By the feedback control (34) and the closed-loop state equation

$$X^i_{t+1}= \frac{G(p,W^i_t)X^i_t}{1+\phi(p) D}, $$

now the consistency requirement is equivalent to

$$\begin{aligned} E G(p,W)=1+\phi(p) D, \end{aligned}$$

(36)

and the constraint on the initial mean

$$\begin{aligned} EX_0^i= p\bigl(1+\phi(p)D\bigr) \end{aligned}$$

(37)

by $Eu_{0}^{i}=p$. Note that (37) is decoupled from (35)–(36) in that one can solve the latter and next identify the right initial condition in order to fulfill the consistency requirement. For this reason, we may study (35)–(36) separately without enacting the constraint (37) on $X_{0}^{i}$. By (35)–(36) and the requirement D>0, we introduce the equivalent system of equations

$$\begin{aligned} \left\{ \begin{aligned} 1+\phi(p) D=\phi(p), \\ E G(p,W)=\phi(p), \end{aligned} \right. \end{aligned}$$

(38)

where $\phi(p) = [\rho E G^{\gamma}(p,W)]^{\frac{1}{\gamma-1}}$. If (38) holds and the control is given by (34), then $EX_{t}^{i}$ remains a constant by (36).

Definition 15

The pair (p,D) is called a relaxed stationary mean field (RSMF) solution of (32)–(33) if (38) holds and satisfies D>0, p≥0 and

$$\begin{aligned} \rho E G^\gamma(p, W)<1. \end{aligned}$$

(39)

Here the pair (p,D) is so called for two reasons: (i) the first equation in (38) is based on the stationary policy (34) for an associated infinite horizon optimal control problem; (ii) the restriction (37) on the initial mean is not imposed.

6.3 Multiplicative Noise

We give an existence result for a class of models with multiplicative noise, i.e.,

$$\begin{aligned} G(p, W)=g(p)W \end{aligned}$$

(40)

for some function g>0 on [0,∞), W≥0 and EW=1.

Theorem 16

Assume (i) 0<ρ<1, (ii) g is continuous and strictly decreases on [0,∞), (iii) ρE(W ^γ)g(0)≥1, and ρE(W ^γ)g(∞)<1 where g(∞)=lim_p→∞ g(p). Then there exists a unique RSMF solution.

Proof

The second equation in (38) reduces to

$$\begin{aligned} \rho E\bigl(W^\gamma\bigr)g(p) =1. \end{aligned}$$

(41)

So there exists a unique $\hat{p}\in[0,\infty)$ to solve (41). Since γ∈(0,1), EW ^γ≤(EW)^γ=1. It is clear that $g(\hat{p})>1$. In this case,

$$\rho EG^\gamma(\hat{p}, W) = \rho E\bigl(W^\gamma\bigr) g^\gamma(\hat{p})< \rho E\bigl(W^\gamma\bigr)g(\hat{p})=1, $$

which implies $\phi(\hat{p})>1$. Hence

$$\hat{D}=\frac{\phi(\hat{p})-1}{\phi(\hat{p})} >0. $$

Therefore, $(\hat{p},\hat{D})$ is a RSMF solution, which is unique since $\hat{p}$ is unique. □

Condition (iii) in the theorem has interesting implications. Suppose E(W ^γ)g(0)>1. The parameter ρ indicates time preference in maximizing the utility functional. If ρ is too small so that ρE(W ^γ)g(0)<1, then there is no RSMF solution. The intuitive interpretation of the nonexistence is that when ρ is too small, the optimizer emphasizes too much on short term utility and this can cause the output process to decline. On the other hand, the RSMF solution demands constant mean output $EX_{t}^{i}$ by (36) (which is weaker than regenerating the constant mean field p initially assumed) which should not decline.

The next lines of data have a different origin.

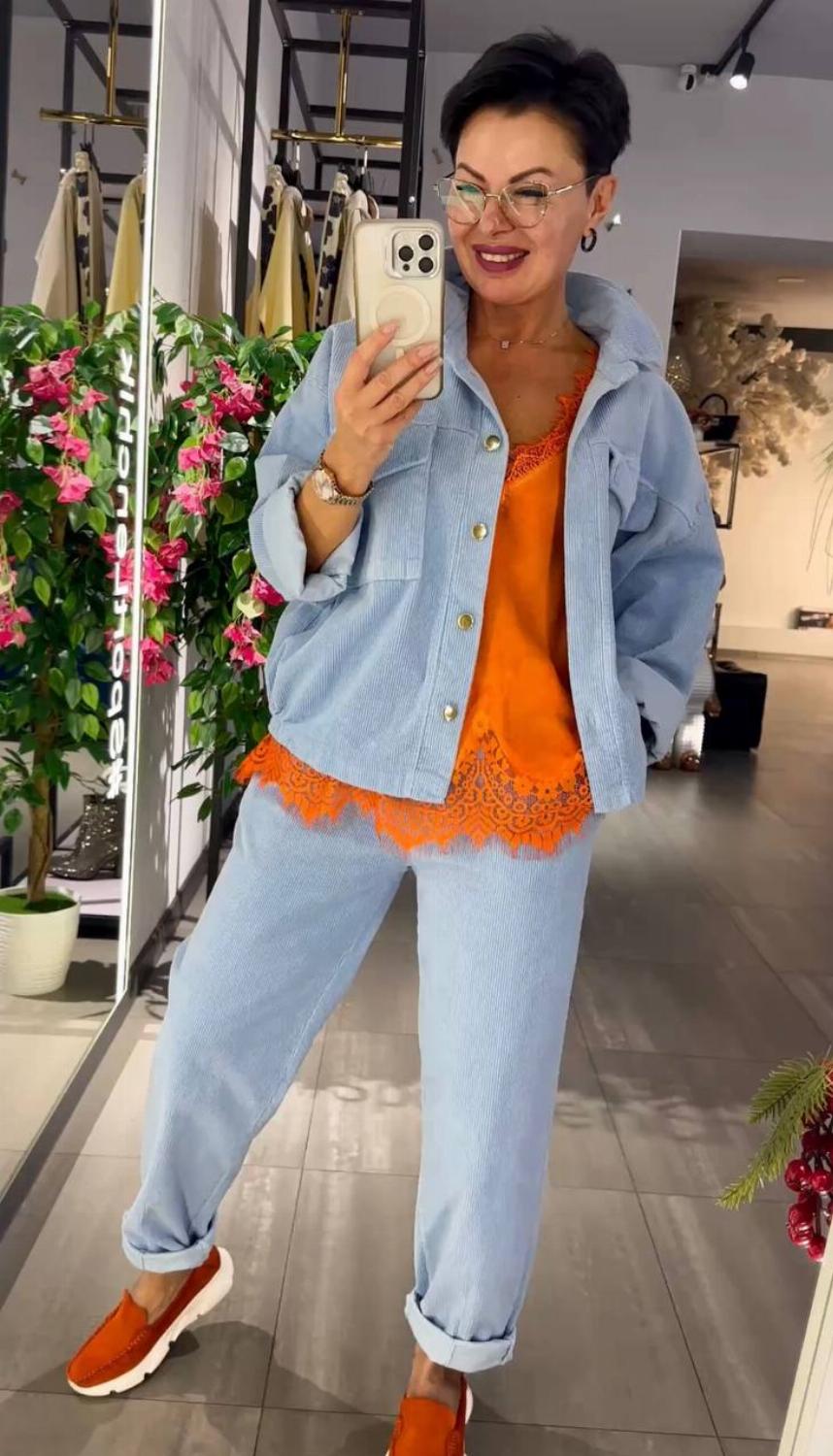 Зустрічайте нашу весняну новинку: костюм-двійку, у якому ідеально все. Ніжна текстура мікровельвету в поєднанні з соковитими відтінками створить образ, який притягує погляди.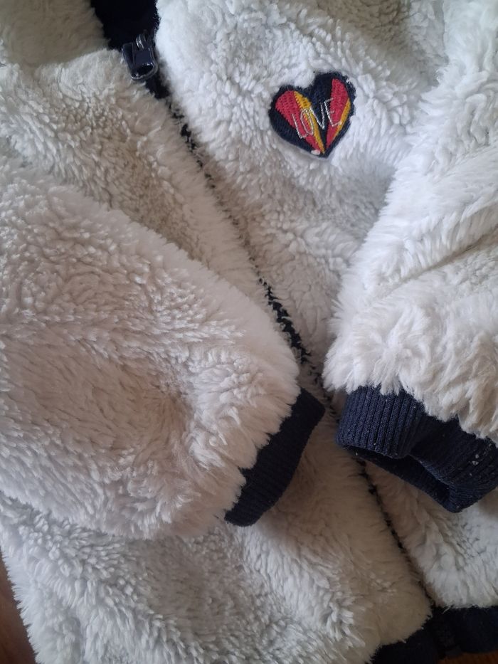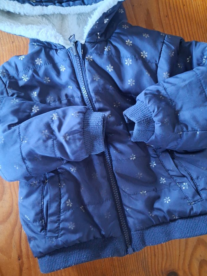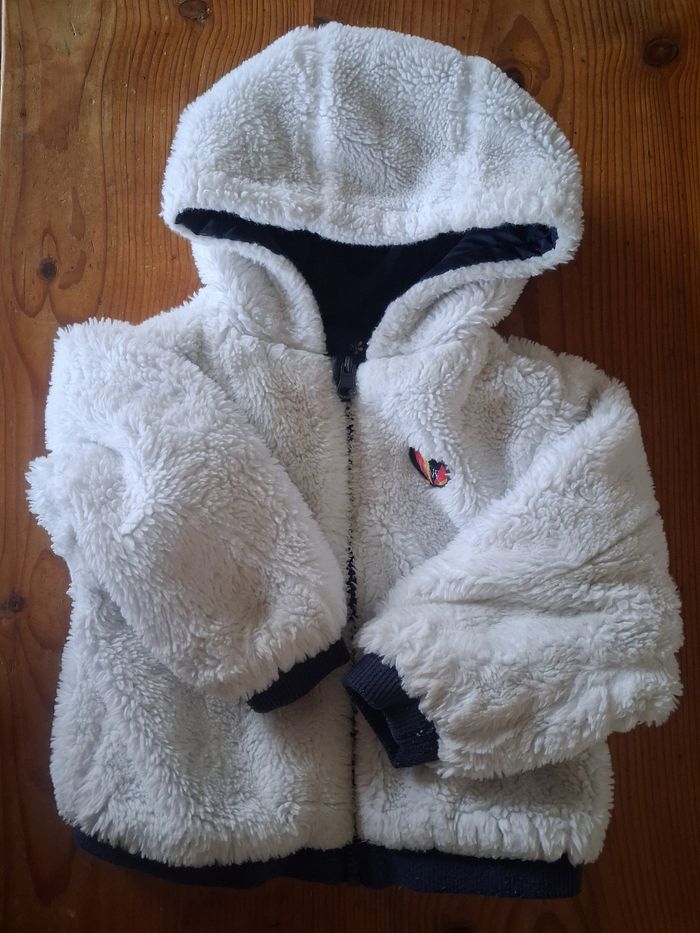 Doudoune réversible bleu d'un côté et blanche toute douce de l'autre côté. En tres bon état.
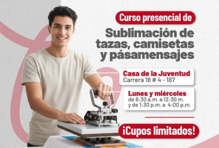La formación se desarrollará los lunes y miércoles en la Casa de la Juventud, ubicada en la carrera 18 #4–187, en jornada de 8:30 a.m. a 12:30 m. y de 1:30 p.m. a 4:00 p.m. Está dirigida a personas mayores de 14 años interesadas en aprender técnicas de personalización de productos.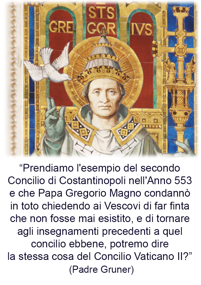 P.G. – Non sto parlando del tradimento dei documenti del Concilio, sto parlando del tradimento della Fede cattolica, della Chiesa Cattolica, la Chiesa di Cristo, dall’epoca della venuta di Nostro Signore e fino ai giorni nostri. Sto parlando del tradimento dello scopo stesso dell’Ufficio petrino e di quello dei Vescovi che è quello di promuovere, diffondere e difendere il Vangelo. Un Concilio dovrebbe fare la stessa cosa, ma se esso produce documenti ambigui o equivoci, il risultato è che essi possono essere interpretati nel modo sbagliato, proprio perché mancano di quella chiarezza – con gli stessi documenti – non permettendo quella chiarezza univoca. Quindi non è un tradimento del Concilio, ma è un tradimento della chiesa da parte di quel Concilio. Prendiamo l’esempio del secondo Concilio di Costantinopoli nell’Anno 553 e che Papa Gregorio Magno condannò in toto chiedendo ai Vescovi di far finta che non fosse mai esistito, e di tornare agli insegnamenti precedenti a quel concilio ebbene, potremo dire la stessa cosa del Concilio Vaticano II?
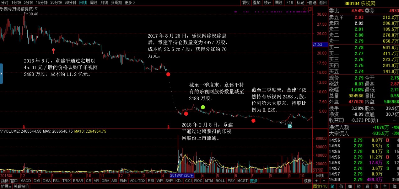 乐视网并非孤例。章建平同年花费9.6亿元参与联络互动(002280.SZ)定增,进入成本为11.34元/股,退出时股价则介于10.84元-11.59元/股之间,一年无用功。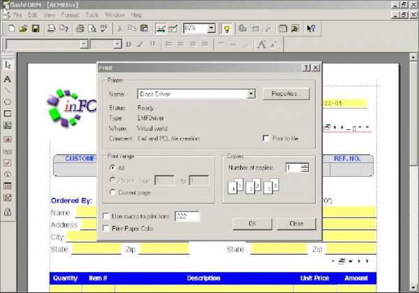 To do this, select File, then Print from the Designer’s pull-down menu. Choose the iDocs Driver from the list of printer drivers available, and click ok.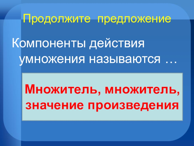 Продолжите предложениеКомпоненты действия умножения называются …Множитель, множитель, значение произведения

7 The Out-of-Equilibrium Mean Field Dynamics

Suppose a unique RSMF solution $(\hat{p}, \hat{D})$ exists for (38). We consider the game with a large population but the initial condition does not satisfy the requirement (37). A natural experiment is to let each individual apply the feedback control (34). This might be particularly plausible if the initial mean only sightly differs from the one prescribed by (37). One might further ask whether or not the population behavior will asymptotically settle down in some sense to a steady state when time tends to infinity. However, as shown by the analysis below, some interesting nonlinear phenomena can arise under quite reasonable conditions for the dynamics of the agents.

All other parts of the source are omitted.